As portrayed in Figure 1, the separate environments of real world and virtual world form a reality-virtuality continuum of mixed reality. In this continuum, when viewing from the very ends of the continuum, augmented reality and augmented virtuality appear. However, augmented reality is more common in current applications because, while using AR, every little detail of reality need not to be modeled, because they already are presented. (Andújar et al., 2011.) So, from the stand point of possible science education teaching applications, only those 3-D virtual elements that are meaningful to supplement the original real world natural phenomena need to be augmented.

There are two commonly accepted definitions of Augmented Reality today. One was given by Ronald Azuma in 1997. Azuma's definition says that Augmented Reality combines real and virtual, is interactive in real time, and is registered in 3D. Later also the aspects of simulation, on-line affects, and 2-D perpective elements have become part of the AR-matters. Additionally Paul Milgram and Fumio Kishino defined Milgram's Reality-Virtuality Continuum in 1994. They describe a continuum that spans from the real environment to a pure virtual environment. In between there are Augmented Reality (closer to the real environment) and Augmented Virtuality (is closer to the virtual environment. Mediated Reality continuum shows four points: Augmented Reality, Augmented Virtuality, Mediated Reality, and Mediated Virtuality on the Virtuality and Mediality axes.
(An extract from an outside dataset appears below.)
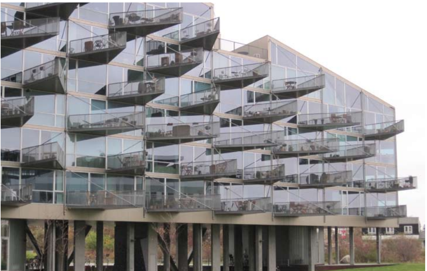
VM husene by BIG architects

The foam consist in other words of small cells that are separated by shared walls, and these walls are not to be seen as fixed and bounded but with and ongoing exchange between the cells. The physical substance of foam should here be taken seriously, as Sloterdijk sees the plural-spherology as consisting of co-isolated associations, where each chamber or cell makes up its own microsphere (Borch, 2009: ). The apartment block is foam architecture par excellence, as Christian Borch claims given that: “the multiplicity of units are stacked above and next to one another meaning that these shapes share with unstable foams the principle of co-isolation, meaning that spatial separation by shared walls” (Borch, 2008: 55).

This continuum has been extended into a two-dimensional plane of "Virtuality" and "Mediality". This already classical continuum (Milgram & Kishino, 1994) can be derived as educational model as shown in Figure 2. The model below describes formal education and informal learning from new angle by adding the real virtual dimension. The figure shows that different types of virtual learning solutions have been bringing a lot of new learning materials especially to informal learning settings.

Fig. 2. Persistent dichotomies or blurring boundaries? (Hawkey, 2002; Salmi, 2010)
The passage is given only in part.